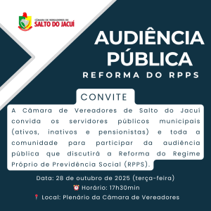 A Câmara de Vereadores de Salto do Jacuí convida todos os servidores públicos municipais (ativos, inativos e pensionistas) e demais interessados a participarem da Audiência Pública que discutirá a Reforma do Regime Próprio de Previdência Social (RPPS) do Município.
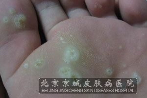 跖疣的皮疹通常比较容易出现在足跖、足跟以及跖间的受压处,一般会有压痛感,并且在一个较大的跖疣的四周还经常会出现散在的小的卫星疣。
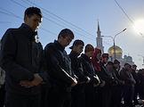 Праздничные мероприятия в день Ураза Байрам в Московской Соборной мечети. Жанровая фотография. Верующие во время намаза.
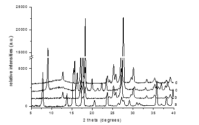 Fig. 4: XRD difractograms of Pyrazinamide (a) unprocessed and spray dried from (b) methanol/ water, (c) methanol/ butyl acetate (d) ethanol/ water
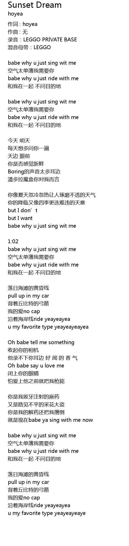 | 作词 : hoyea | |
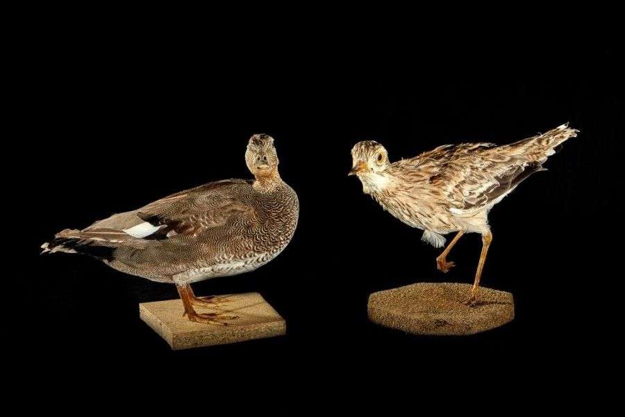 Un ensemble de 2 spécimens naturalisés sur socle comprenant 1 Oedicnème criard (Burhinus oedicnemus) (CE) et 1 Canard chipeau (Anas strepera) (CH)
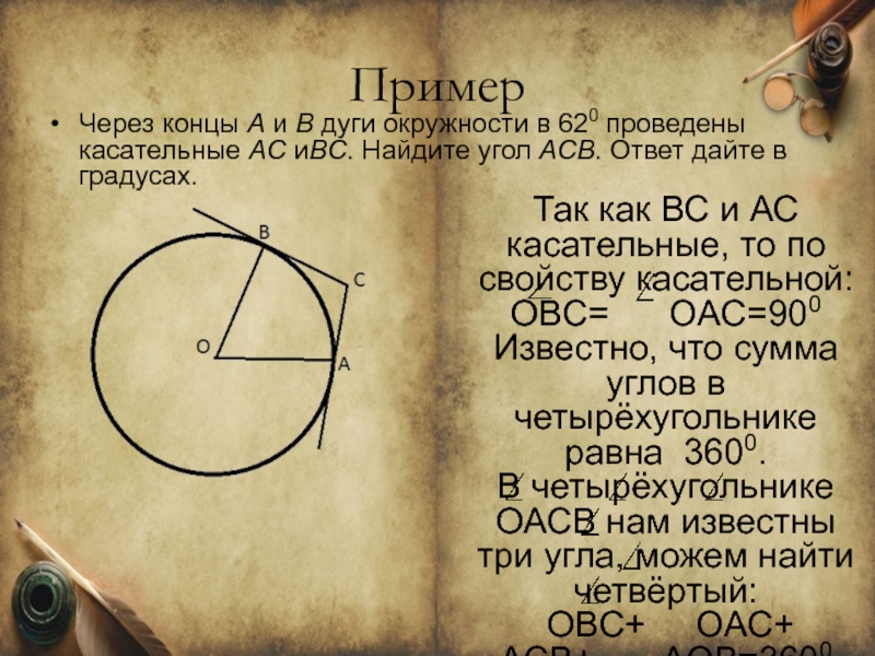 Через концы A и B дуги окружности в 620 проведены касательные AC иBC. Найдите угол ACB. Ответ дайте в
* * * * * * * * *
**INSTRUCTIONS FOR THE TASK:** A verbatim copy of the listing, with all pictures removed, is required.

**COMPLETED EXERCISE:**
 A Câmara de Vereadores de Salto do Jacuí convida todos os servidores públicos municipais (ativos, inativos e pensionistas) e demais interessados a participarem da Audiência Pública que discutirá a Reforma do Regime Próprio de Previdência Social (RPPS) do Município.
 跖疣的皮疹通常比较容易出现在足跖、足跟以及跖间的受压处,一般会有压痛感,并且在一个较大的跖疣的四周还经常会出现散在的小的卫星疣。
 Праздничные мероприятия в день Ураза Байрам в Московской Соборной мечети. Жанровая фотография. Верующие во время намаза.
 Fig. 4: XRD difractograms of Pyrazinamide (a) unprocessed and spray dried from (b) methanol/ water, (c) methanol/ butyl acetate (d) ethanol/ water
 | 作词 : hoyea | |
 Un ensemble de 2 spécimens naturalisés sur socle comprenant 1 Oedicnème criard (Burhinus oedicnemus) (CE) et 1 Canard chipeau (Anas strepera) (CH)
 Через концы A и B дуги окружности в 620 проведены касательные AC иBC. Найдите угол ACB. Ответ дайте в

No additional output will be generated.